An exact copy of the entries is needed, with every picture left out.

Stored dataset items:
============================================================

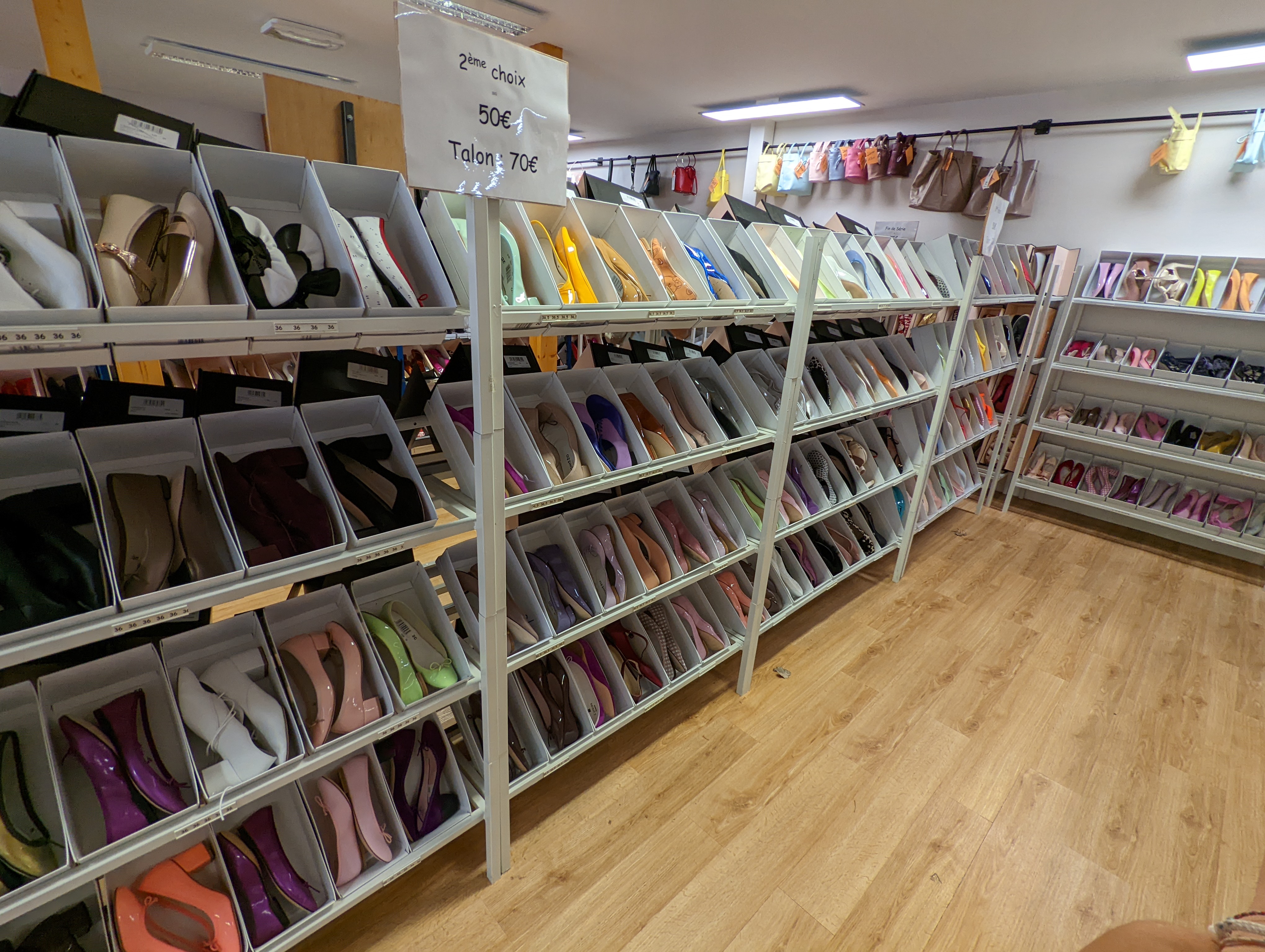 Choix impressionnant de ballerines ! À des prix très doux grâce au second choix. Dommage qu'il y ait très peu de choix en chaussures à talons
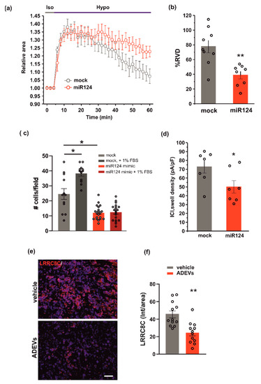 To test whether miR124 would affect VRAC function, and thus the ability to modulate cell volume and invasion, we evaluated RVD, cell invasion and ICl,swell density, in GL261 cells transfected with the miR124 mimic sequence. Similar to what was observed for ADEV treatment, the overexpression of miR124 in GL261 cells: (i) impaired both RVD (Figure 5a,b) and cell invasion (Figure 5c) and (ii) significantly reduced the hypotonic-induced ICl,swell density (Figure 5d). Moreover, we performed immunofluorescence analysis in the tumor mass of ADEVs-treated mice; we observed a significant decrease in the LRRC8C protein expression with respect to vehicle-treated mice. This data confirms that in vivo ADEVs also reduce the VRAC LRRC8C expression. Altogether, these findings support the hypothesis that miR124 is one of the molecules transferred by ADEVs to GL261 cells that mediates vesicles anti-glioma effect downregulating VRAC.
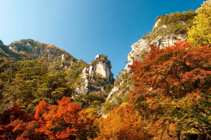 上午離開飯店,前往被譽為「日本第一美溪谷」的「昇仙峽」,漫步昇仙峽遊步道,可盡情欣賞奇石怪岩構成的壯麗峽谷景觀。尤其秋季時紅黃交錯的楓葉華麗層疊,點綴巍峨岩壁,吸引絡繹不絕的賞景人潮,搭乘昇仙峽纜車前往山頂,可將富士山及群山的宏偉景觀盡收眼底。
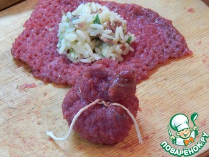 Фарш выкладываем в центр. Формируем мешочек. Завязываем кулинарной нитью.
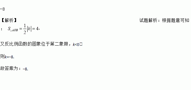 如图,点A为反比例函数图象上一点,过A做轴于点B,连接OA,△ABO的面积为4,则= .
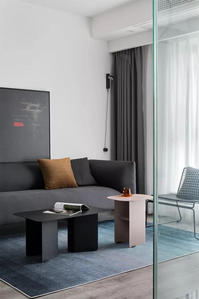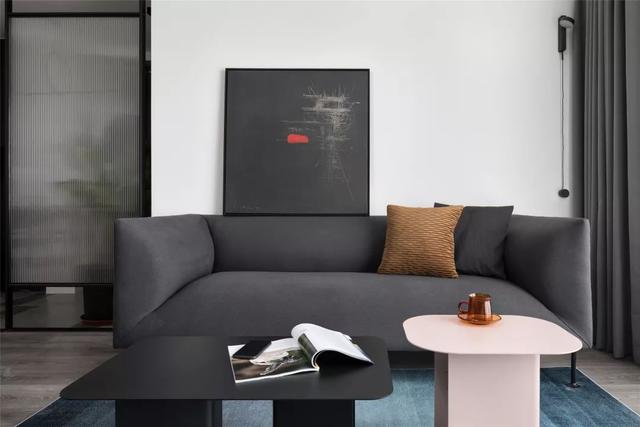 深灰布艺沙发+粉黑配黑茶几,摆在素蓝色的地毯上,整体空间轻柔、简约而大气。
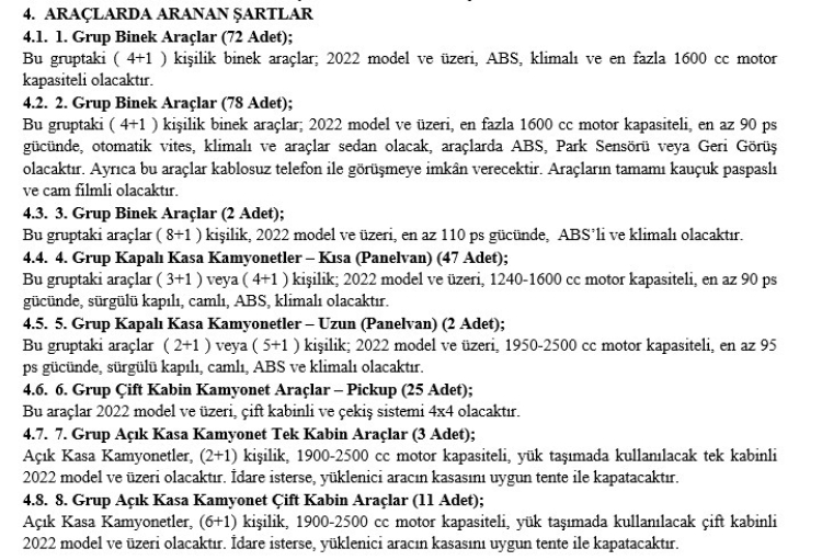 1. gruptaki 72 adet binek aracın ABS, klimalı ve en fazla 1600 cc motor kapasiteli; 2. gruptaki 78 adet binek aracın en fazla 1600 cc motor kapasiteli, en az 90 ps gücünde, otomatik vites, klimalı ve araçlar sedan olması gerektiği ifade edildi. 2. gruptaki araçların ABS, park sensörü, geri görüş kamerası, kablosuz telefon ile görüşme özellikleri olması istendi. Ayrıca araçların tamamının kauçuk paspaslı ve cam filmli olması gerekiyor.
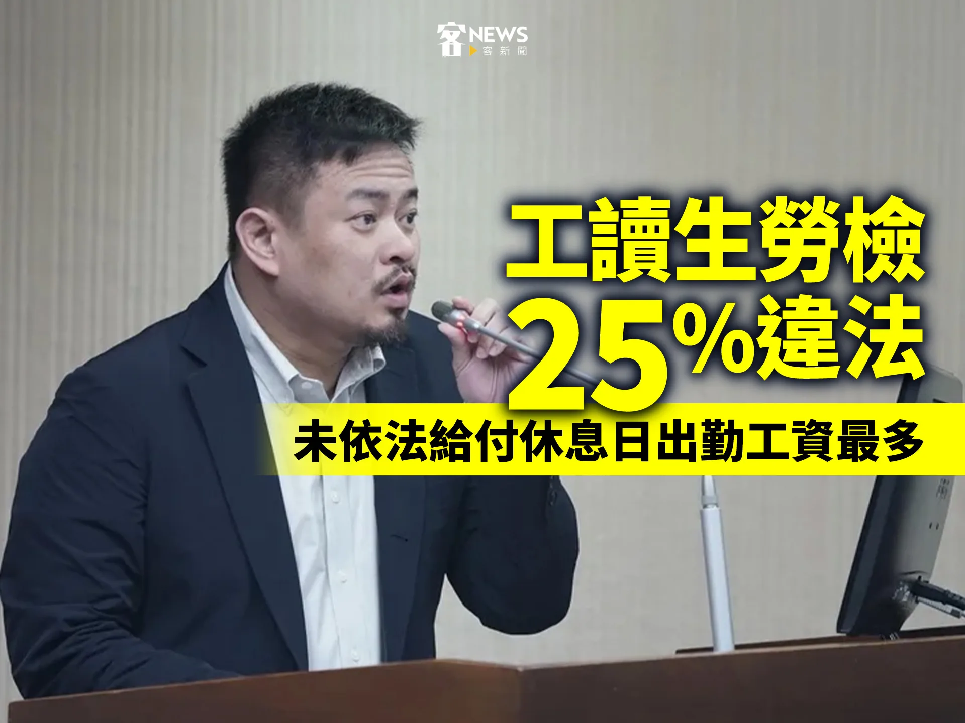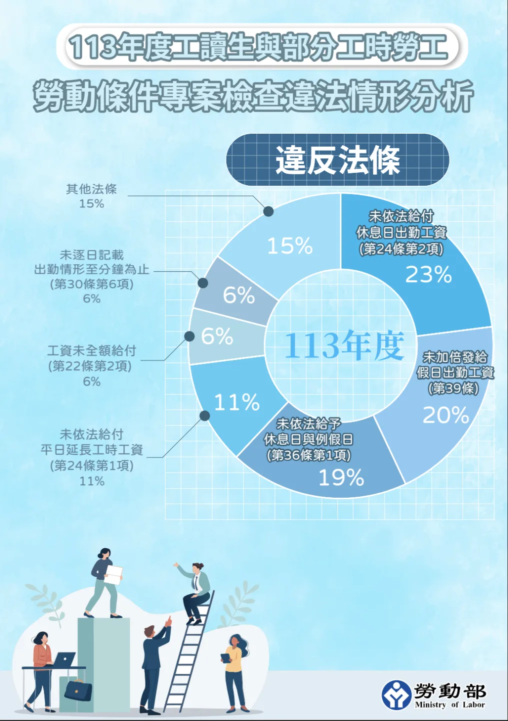 違法行業以餐館業48%占比最多。工讀生專案勞檢違法率24.89%,與全行業勞動條件檢查違法率18%至20%相比仍然偏高,後會持續關注並加強輔導查核。
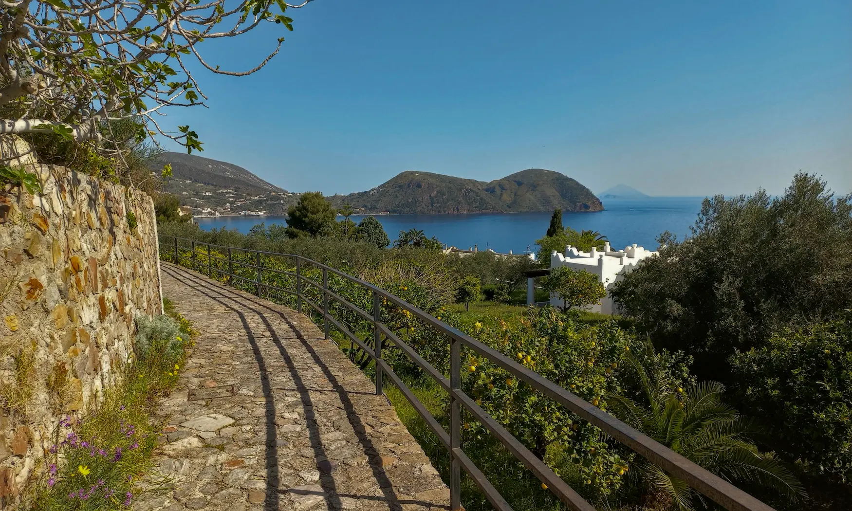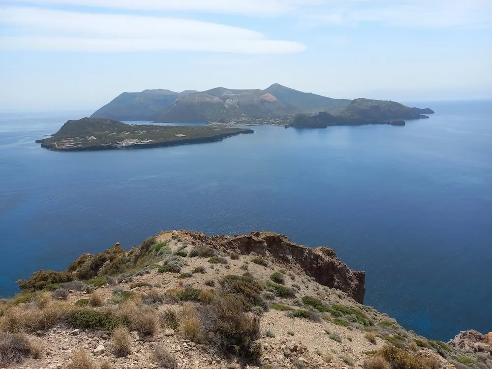 Havet är ständigt närvarande under denna vandringsresa på de eoliska öarna. Med sina skiftande blå nyanser står det i skarp kontrast till fiskebyarnas intensiva vithet och den svarta lavan.
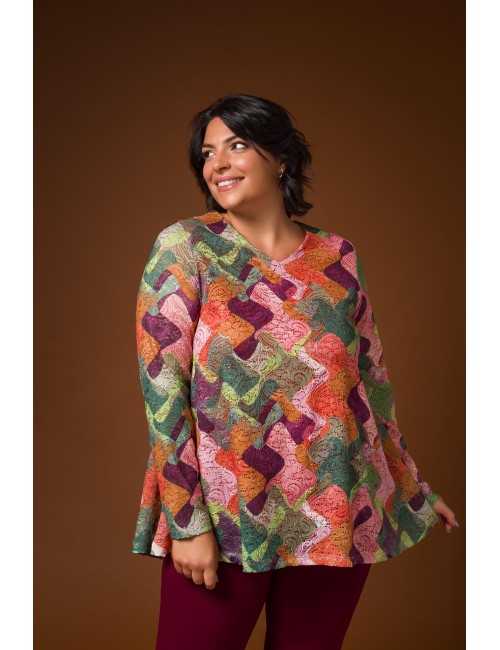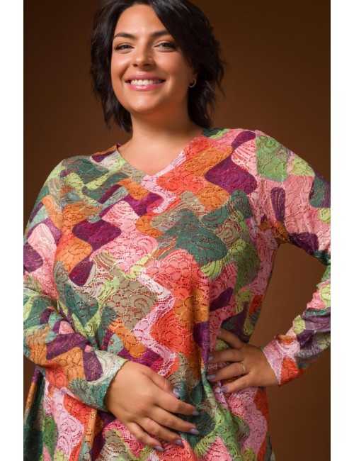 Knit tunic, long sleeves, round neckline with placket and covered button. Collection: Autumn Winter Available in Plus Sizes Own design and manufacturing product. We are a clothing brand with over 50 years of experience Composition: 97% Polyester 3% Elastane

============================================================

§ **Answer space**:
 Choix impressionnant de ballerines ! À des prix très doux grâce au second choix. Dommage qu'il y ait très peu de choix en chaussures à talons
 To test whether miR124 would affect VRAC function, and thus the ability to modulate cell volume and invasion, we evaluated RVD, cell invasion and ICl,swell density, in GL261 cells transfected with the miR124 mimic sequence. Similar to what was observed for ADEV treatment, the overexpression of miR124 in GL261 cells: (i) impaired both RVD (Figure 5a,b) and cell invasion (Figure 5c) and (ii) significantly reduced the hypotonic-induced ICl,swell density (Figure 5d). Moreover, we performed immunofluorescence analysis in the tumor mass of ADEVs-treated mice; we observed a significant decrease in the LRRC8C protein expression with respect to vehicle-treated mice. This data confirms that in vivo ADEVs also reduce the VRAC LRRC8C expression. Altogether, these findings support the hypothesis that miR124 is one of the molecules transferred by ADEVs to GL261 cells that mediates vesicles anti-glioma effect downregulating VRAC.
 上午離開飯店,前往被譽為「日本第一美溪谷」的「昇仙峽」,漫步昇仙峽遊步道,可盡情欣賞奇石怪岩構成的壯麗峽谷景觀。尤其秋季時紅黃交錯的楓葉華麗層疊,點綴巍峨岩壁,吸引絡繹不絕的賞景人潮,搭乘昇仙峽纜車前往山頂,可將富士山及群山的宏偉景觀盡收眼底。
 Фарш выкладываем в центр. Формируем мешочек. Завязываем кулинарной нитью.
 如图,点A为反比例函数图象上一点,过A做轴于点B,连接OA,△ABO的面积为4,则= .
 深灰布艺沙发+粉黑配黑茶几,摆在素蓝色的地毯上,整体空间轻柔、简约而大气。
 1. gruptaki 72 adet binek aracın ABS, klimalı ve en fazla 1600 cc motor kapasiteli; 2. gruptaki 78 adet binek aracın en fazla 1600 cc motor kapasiteli, en az 90 ps gücünde, otomatik vites, klimalı ve araçlar sedan olması gerektiği ifade edildi. 2. gruptaki araçların ABS, park sensörü, geri görüş kamerası, kablosuz telefon ile görüşme özellikleri olması istendi. Ayrıca araçların tamamının kauçuk paspaslı ve cam filmli olması gerekiyor.
 違法行業以餐館業48%占比最多。工讀生專案勞檢違法率24.89%,與全行業勞動條件檢查違法率18%至20%相比仍然偏高,後會持續關注並加強輔導查核。
 Havet är ständigt närvarande under denna vandringsresa på de eoliska öarna. Med sina skiftande blå nyanser står det i skarp kontrast till fiskebyarnas intensiva vithet och den svarta lavan.
 Knit tunic, long sleeves, round neckline with placket and covered button. Collection: Autumn Winter Available in Plus Sizes Own design and manufacturing product. We are a clothing brand with over 50 years of experience Composition: 97% Polyester 3% Elastane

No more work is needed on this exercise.